> [What the task requires] Make an exact copy, from the records below, of the lines from the line containing "Büyükşehir Belediyesi, çevre" to the line containing "Сукня KF-8346 код: 216.", both lines included, excluding pictures.

___ Excerpted records

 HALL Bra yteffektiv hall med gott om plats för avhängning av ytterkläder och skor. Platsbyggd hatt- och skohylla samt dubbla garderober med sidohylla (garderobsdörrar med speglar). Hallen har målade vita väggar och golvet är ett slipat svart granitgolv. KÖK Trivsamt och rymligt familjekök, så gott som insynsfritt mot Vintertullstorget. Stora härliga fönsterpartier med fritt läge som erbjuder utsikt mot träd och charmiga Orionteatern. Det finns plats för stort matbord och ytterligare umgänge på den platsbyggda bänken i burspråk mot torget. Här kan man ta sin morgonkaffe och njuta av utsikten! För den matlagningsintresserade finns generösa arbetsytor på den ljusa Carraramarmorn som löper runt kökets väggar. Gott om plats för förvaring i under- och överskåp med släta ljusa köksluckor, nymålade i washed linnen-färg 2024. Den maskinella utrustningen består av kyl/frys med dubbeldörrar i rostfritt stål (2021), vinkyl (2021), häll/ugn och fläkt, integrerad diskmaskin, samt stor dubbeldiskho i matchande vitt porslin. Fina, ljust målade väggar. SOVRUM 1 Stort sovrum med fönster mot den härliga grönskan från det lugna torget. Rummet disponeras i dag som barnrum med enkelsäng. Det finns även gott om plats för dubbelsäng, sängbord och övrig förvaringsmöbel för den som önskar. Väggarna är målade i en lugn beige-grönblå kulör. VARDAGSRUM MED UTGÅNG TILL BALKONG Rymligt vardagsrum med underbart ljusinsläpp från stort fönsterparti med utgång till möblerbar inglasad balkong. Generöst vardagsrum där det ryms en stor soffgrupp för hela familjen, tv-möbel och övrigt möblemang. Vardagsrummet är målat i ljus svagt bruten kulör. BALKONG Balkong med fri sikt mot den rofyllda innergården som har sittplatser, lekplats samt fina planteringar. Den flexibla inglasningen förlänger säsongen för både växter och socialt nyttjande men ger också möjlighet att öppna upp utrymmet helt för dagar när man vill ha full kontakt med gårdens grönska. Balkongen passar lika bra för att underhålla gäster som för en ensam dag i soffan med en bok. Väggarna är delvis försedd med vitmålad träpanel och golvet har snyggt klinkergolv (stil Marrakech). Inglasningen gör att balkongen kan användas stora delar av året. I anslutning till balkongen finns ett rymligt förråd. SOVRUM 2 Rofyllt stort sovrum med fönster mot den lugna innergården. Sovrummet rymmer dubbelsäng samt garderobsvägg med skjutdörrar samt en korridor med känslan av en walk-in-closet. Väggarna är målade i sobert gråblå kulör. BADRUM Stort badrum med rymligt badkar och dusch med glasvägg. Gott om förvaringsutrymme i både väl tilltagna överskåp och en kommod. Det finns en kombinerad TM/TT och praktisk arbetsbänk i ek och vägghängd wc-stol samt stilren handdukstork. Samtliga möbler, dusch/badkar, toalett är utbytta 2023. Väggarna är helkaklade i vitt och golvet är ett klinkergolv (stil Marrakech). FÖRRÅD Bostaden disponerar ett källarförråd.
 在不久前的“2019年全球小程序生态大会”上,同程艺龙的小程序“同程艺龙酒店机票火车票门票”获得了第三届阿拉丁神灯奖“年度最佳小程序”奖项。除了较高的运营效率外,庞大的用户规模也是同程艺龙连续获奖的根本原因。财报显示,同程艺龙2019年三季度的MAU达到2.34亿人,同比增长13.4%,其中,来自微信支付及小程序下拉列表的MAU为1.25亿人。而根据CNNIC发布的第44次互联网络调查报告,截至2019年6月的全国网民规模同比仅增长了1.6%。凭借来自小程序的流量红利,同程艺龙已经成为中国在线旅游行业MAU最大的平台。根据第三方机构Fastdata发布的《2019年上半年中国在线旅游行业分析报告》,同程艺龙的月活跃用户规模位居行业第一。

______
___ Excerpted records

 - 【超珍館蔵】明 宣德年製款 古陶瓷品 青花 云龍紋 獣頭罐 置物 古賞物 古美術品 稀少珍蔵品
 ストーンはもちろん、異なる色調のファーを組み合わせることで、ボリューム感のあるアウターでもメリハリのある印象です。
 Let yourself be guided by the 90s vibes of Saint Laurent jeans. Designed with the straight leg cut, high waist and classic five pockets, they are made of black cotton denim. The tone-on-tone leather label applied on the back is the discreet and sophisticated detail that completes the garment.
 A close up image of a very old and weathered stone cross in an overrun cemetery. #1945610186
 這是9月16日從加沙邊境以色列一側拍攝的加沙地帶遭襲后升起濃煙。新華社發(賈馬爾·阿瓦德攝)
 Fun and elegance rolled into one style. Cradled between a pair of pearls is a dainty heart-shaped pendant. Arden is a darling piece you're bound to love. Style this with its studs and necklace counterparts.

______
___ Excerpted records

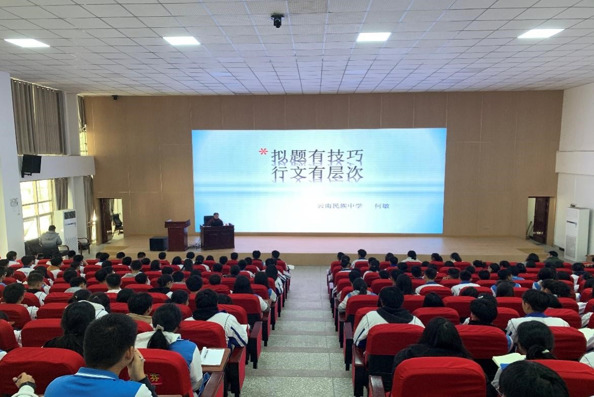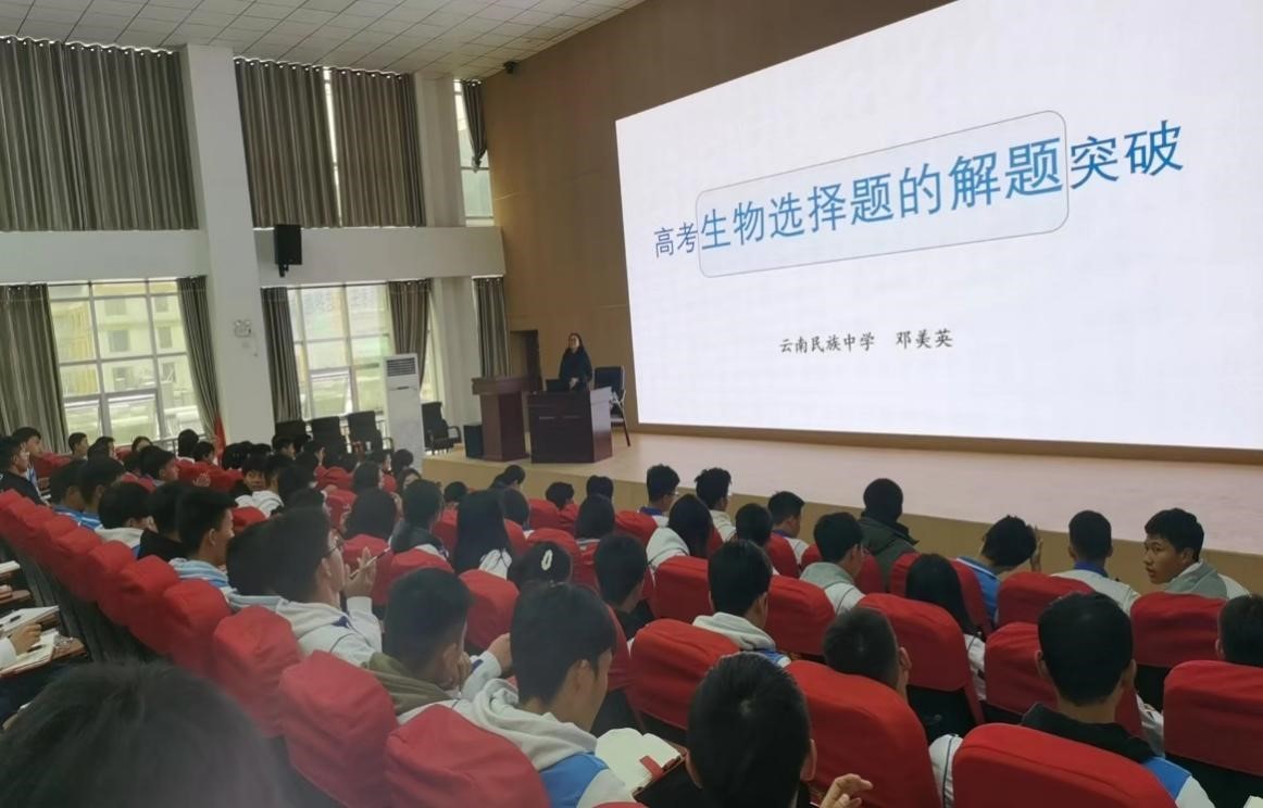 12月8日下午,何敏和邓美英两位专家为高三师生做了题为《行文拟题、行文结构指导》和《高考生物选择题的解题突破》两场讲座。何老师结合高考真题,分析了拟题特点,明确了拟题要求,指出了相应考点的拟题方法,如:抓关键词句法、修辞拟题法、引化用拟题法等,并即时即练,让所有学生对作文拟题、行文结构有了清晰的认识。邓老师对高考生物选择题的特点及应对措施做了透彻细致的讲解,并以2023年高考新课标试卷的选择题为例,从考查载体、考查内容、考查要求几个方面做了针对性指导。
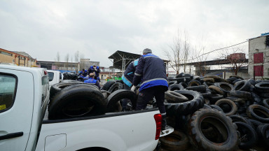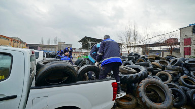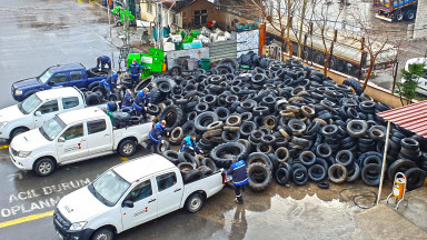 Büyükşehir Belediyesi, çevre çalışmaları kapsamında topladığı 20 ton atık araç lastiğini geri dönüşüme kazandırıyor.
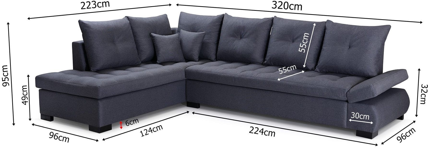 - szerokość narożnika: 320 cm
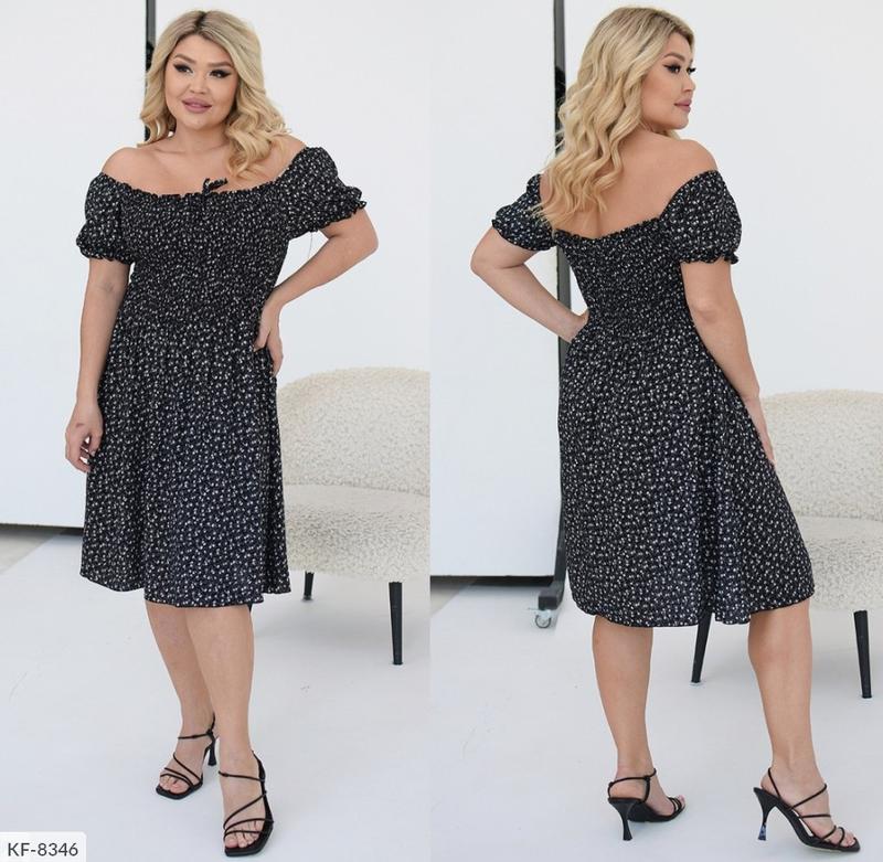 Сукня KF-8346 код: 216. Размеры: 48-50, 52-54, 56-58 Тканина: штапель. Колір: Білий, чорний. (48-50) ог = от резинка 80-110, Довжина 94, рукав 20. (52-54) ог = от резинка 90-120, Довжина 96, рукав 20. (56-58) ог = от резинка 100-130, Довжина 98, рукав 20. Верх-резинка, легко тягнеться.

______

> [Result]
 Büyükşehir Belediyesi, çevre çalışmaları kapsamında topladığı 20 ton atık araç lastiğini geri dönüşüme kazandırıyor.
 - szerokość narożnika: 320 cm
 Сукня KF-8346 код: 216. Размеры: 48-50, 52-54, 56-58 Тканина: штапель. Колір: Білий, чорний. (48-50) ог = от резинка 80-110, Довжина 94, рукав 20. (52-54) ог = от резинка 90-120, Довжина 96, рукав 20. (56-58) ог = от резинка 100-130, Довжина 98, рукав 20. Верх-резинка, легко тягнеться.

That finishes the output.